The Mothers of Gynecology: Anarcha, Lucy, and Betsey

Anarcha, Lucy, and Betsey were enslaved women from plantations in and around Montgomery, Alabama. With neither consent nor anesthesia, they were experimented on by Dr. J. Marion Sims in the 1840s. After publishing the results of his “success,” Sims moved to New York to seek fame and fortune. Within a decade, he became known as the Father of Gynecology.  By contrast, Anarcha, Betsey, and Lucy fell into history. They changed the world, only to be forgotten by it.

M Adams

M Adams is a community organizer and co-executive director of Freedom Inc. As a queer Black person, Adams has developed and advocated for a strong intersectional approach in numerous important venues. Adams is a leading figure in the Take Back the Land movement. She presented before the United Nations for the Convention on Eliminating Racial Discrimination, and she is also a co-author of Forward from Ferguson and a paper on Black community control over the police. She also authored a piece on intersectionality theory in Why Killing Unarmed Black Folks Is a Queer Issue.

Sevonna Brown

Sevonna Brown is co-executive director at Black Women’s Blueprint. She is a birthworker through Ancient Song Doula Services and the Doula Project.
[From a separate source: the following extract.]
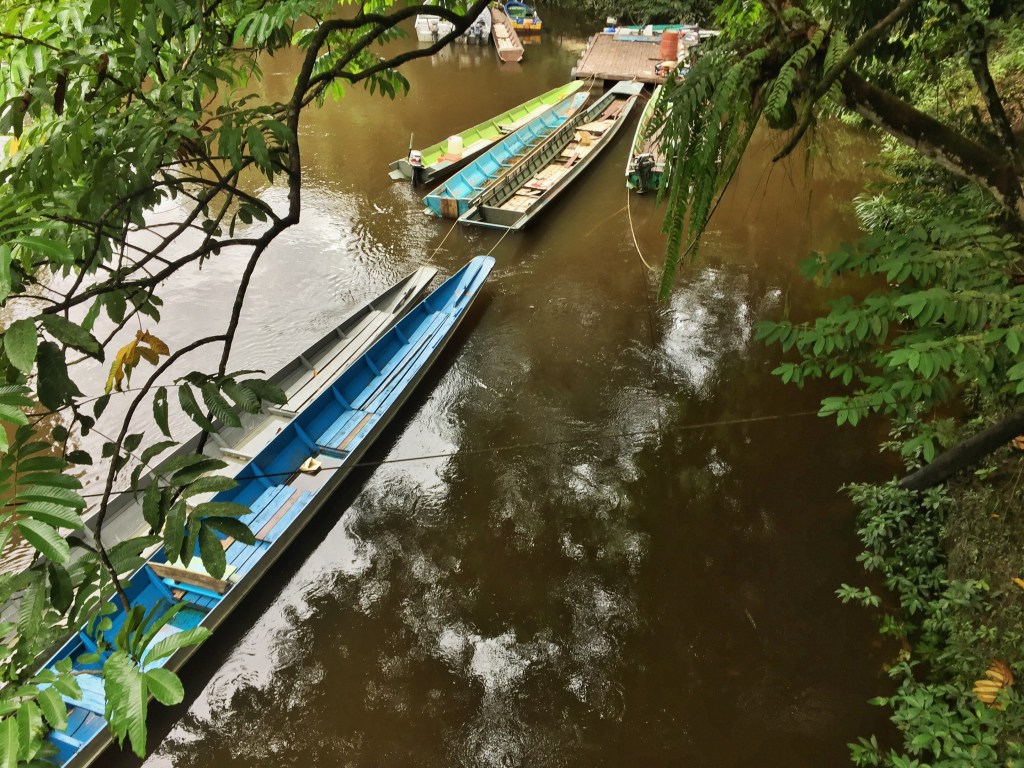 The next day we took a longboat to Cave of the Winds and Clearwater caves. We stopped off at a local village where we all got to shoot a blow gun. None of us hit the target. After our humiliating showing, we left the village and continued to the caves.

She dedicates her work to the survival strategies that Black women build from rituals, sacred truths, and the ways they honor the intergenerational narratives of their reproductive herstories.

Farah Jasmine Griffin

Farah Jasmine Griffin is the William B. Ransford Professor of English and Comparative Literature at Columbia University, where she also served as the inaugural Chair of the African American and African Diaspora Studies department. Professor Griffin received her BA in History & Literature from Harvard and her PhD in American Studies from Yale. She has authored and edited eight books altogether. Additionally, Professor Griffin collaborated with composer/pianist Geri Allen and director/actor S. Epatha Merkerson on two theatrical projects.

Imara Jones

Imara Jones (she/her) is a trans woman whose work has won Emmy and Peabody awards, is the creator of TransLash Media. TransLash Media is a cross-platform journalism, personal storytelling, and narrative project that produces content to shift the current culture of hostility toward transgender people in the U.S. In 2019, Jones chaired the first-ever UN High-Level Meeting on Gender Diversity, with over 600 participants. Jones holds degrees from the London School of Economics and Columbia University. 

Octavia E. Butler

OCTAVIA E. BUTLER was a renowned African American author and became the first science-fiction writer, and one of the first Black women, to receive a MacArthur “Genius” Fellowship grant in 1995. Born in Pasadena in 1947, she was raised by her mother and her grandmother.  She was the author of several award-winning novels including PARABLE OF THE SOWER (1993), which was a New York Times Notable Book of the Year, and PARABLE OF THE TALENTS (1995) winner of the Nebula Award for the best science fiction novel published that year. She was acclaimed for her lean prose, strong protagonists, and social observations in stories that range from the distant past to the far future.